━━ GIVEN DATA

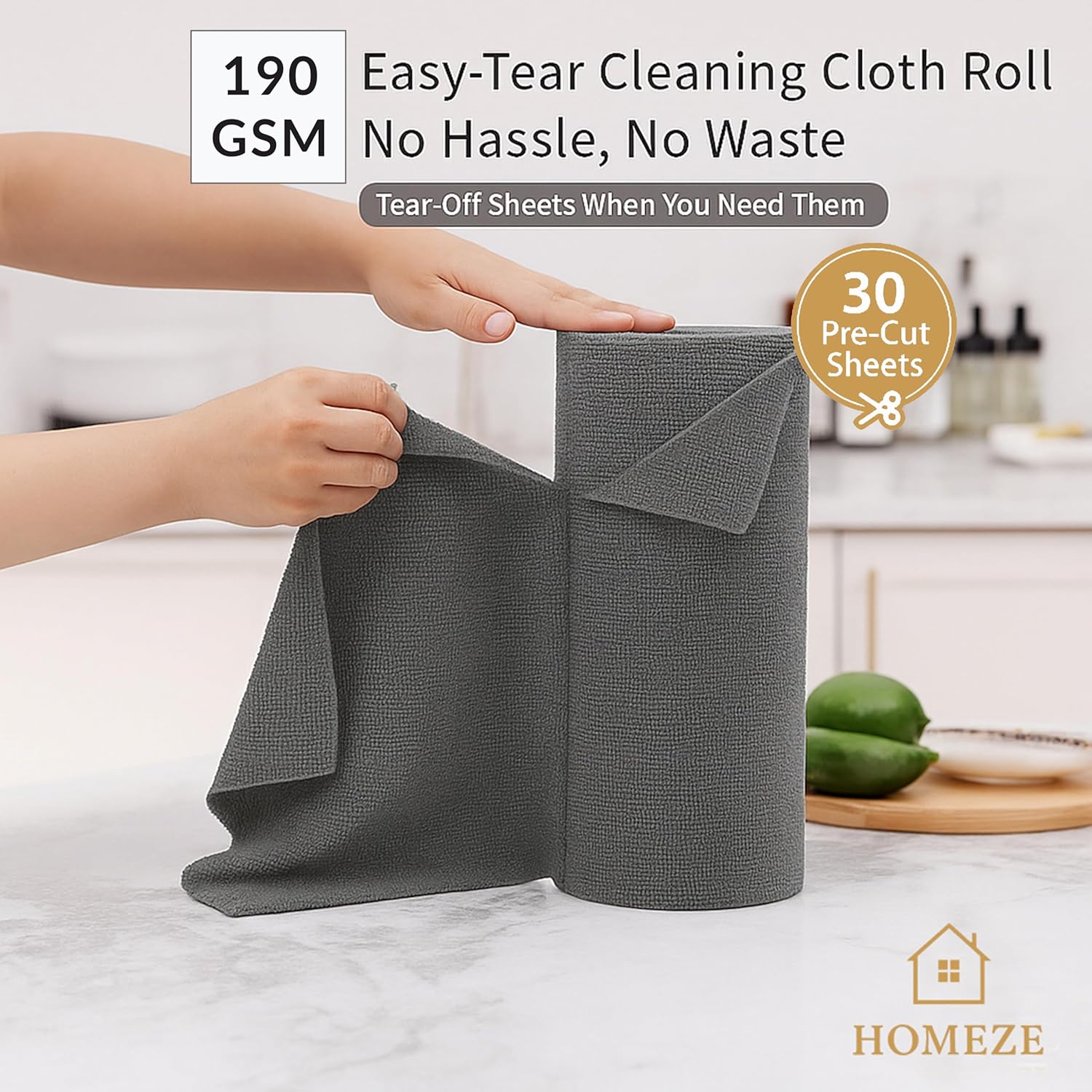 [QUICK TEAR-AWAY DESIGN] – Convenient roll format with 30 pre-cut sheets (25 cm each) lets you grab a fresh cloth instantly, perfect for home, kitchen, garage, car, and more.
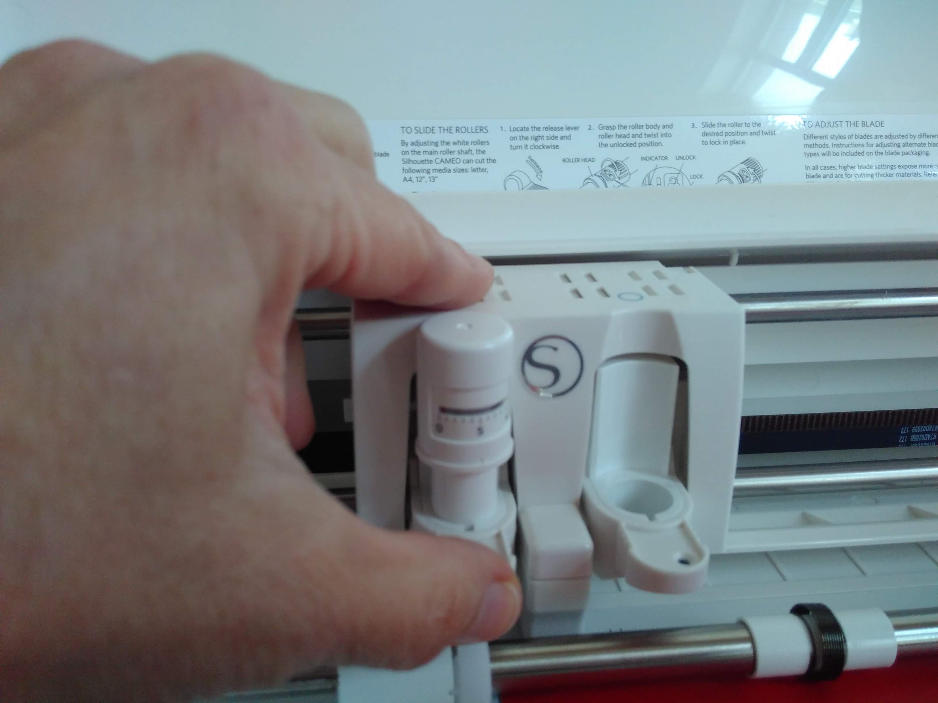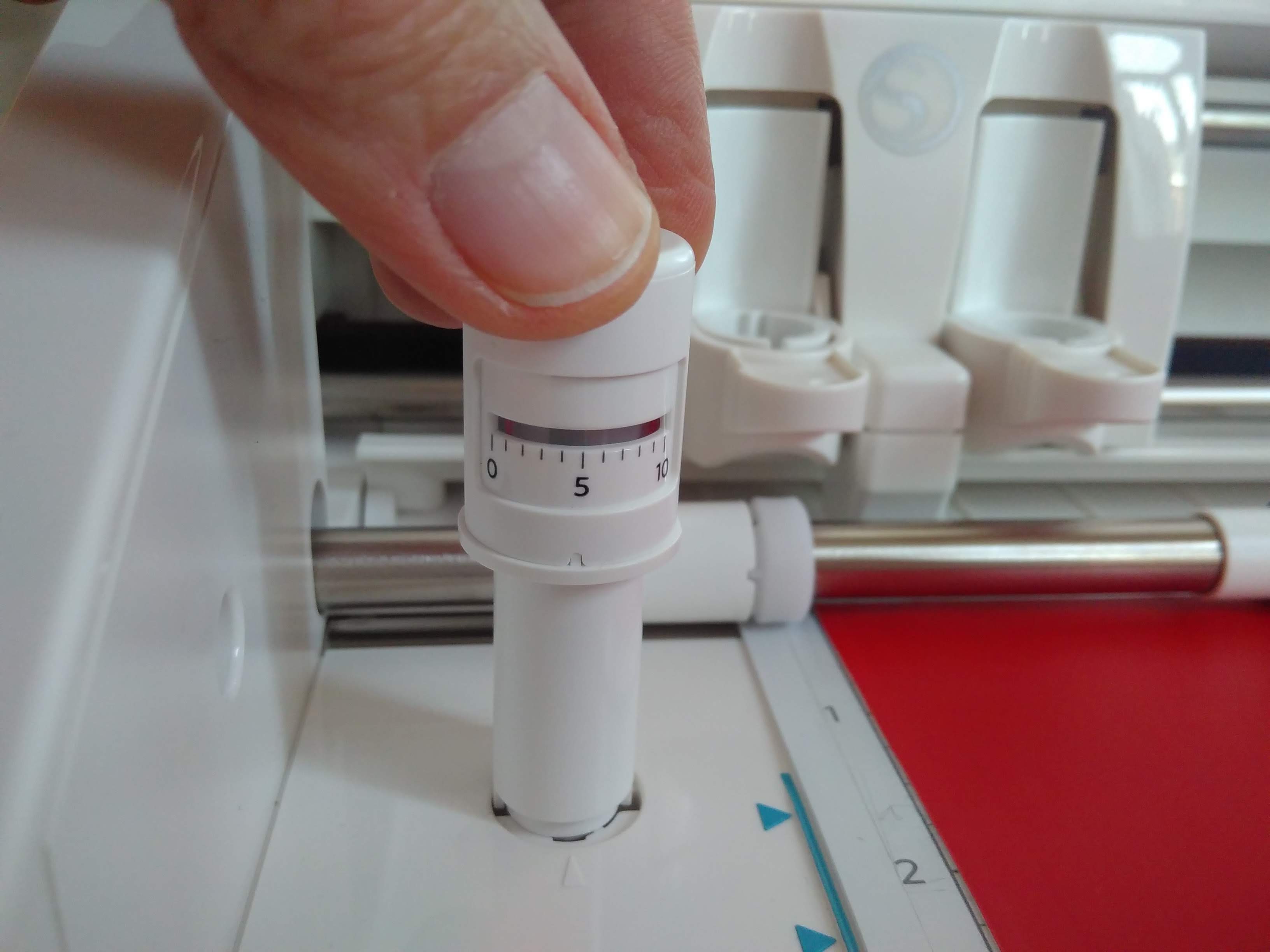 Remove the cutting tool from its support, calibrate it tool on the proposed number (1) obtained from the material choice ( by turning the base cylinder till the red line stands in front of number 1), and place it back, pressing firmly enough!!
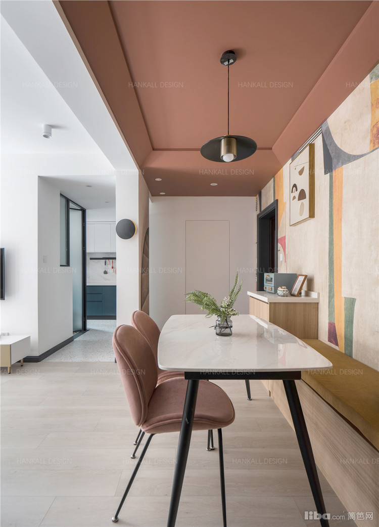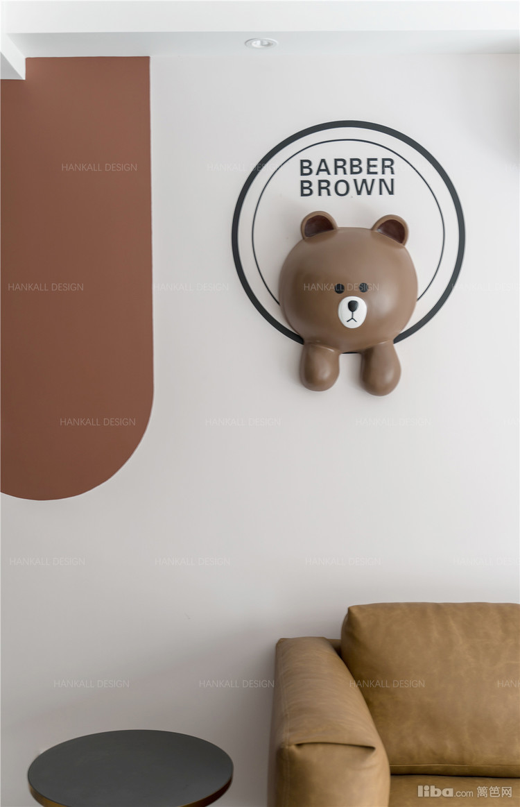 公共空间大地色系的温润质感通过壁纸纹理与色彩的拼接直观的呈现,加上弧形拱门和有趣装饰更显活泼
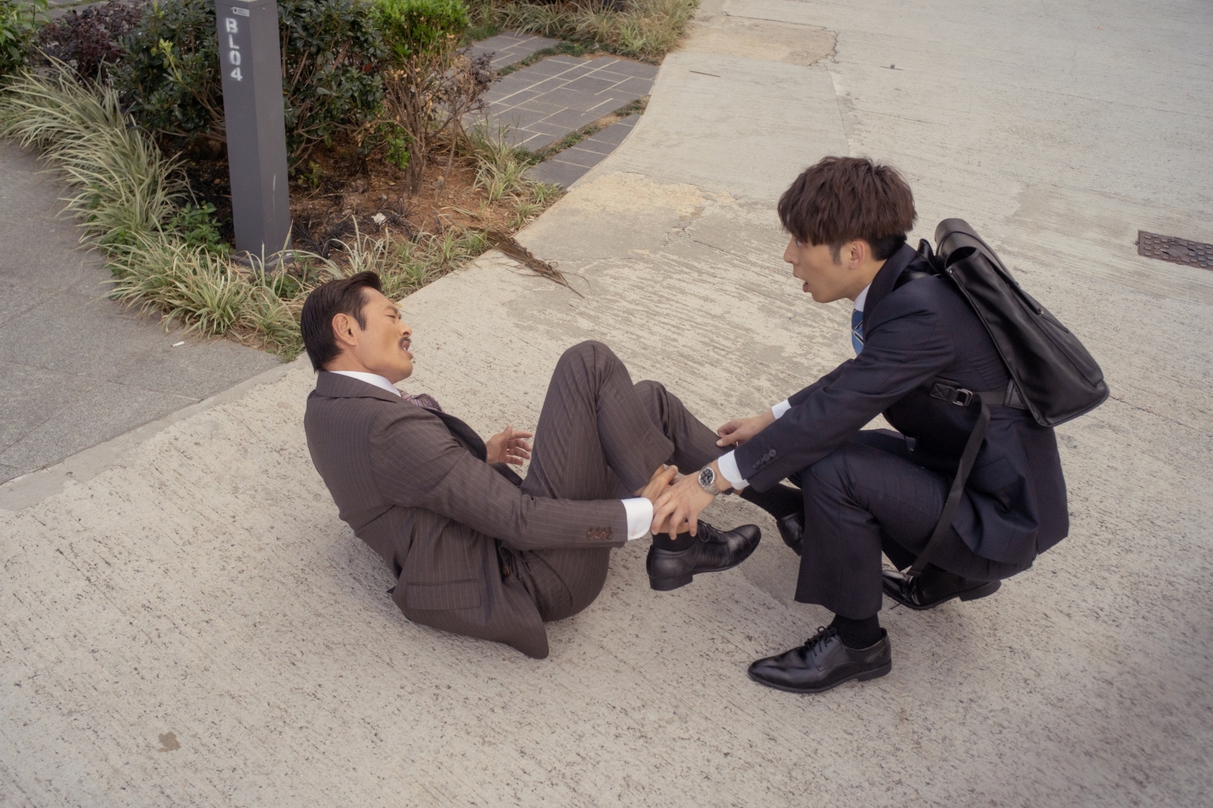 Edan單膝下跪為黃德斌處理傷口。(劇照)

━━━━

### EXERCISE AIM
Put down exactly the lines of the data above that run from its first line through the line bearing "公共空间大地色系的温润质感通", and no pictures.

### ANSWER BOX
 [QUICK TEAR-AWAY DESIGN] – Convenient roll format with 30 pre-cut sheets (25 cm each) lets you grab a fresh cloth instantly, perfect for home, kitchen, garage, car, and more.
 Remove the cutting tool from its support, calibrate it tool on the proposed number (1) obtained from the material choice ( by turning the base cylinder till the red line stands in front of number 1), and place it back, pressing firmly enough!!
 公共空间大地色系的温润质感通过壁纸纹理与色彩的拼接直观的呈现,加上弧形拱门和有趣装饰更显活泼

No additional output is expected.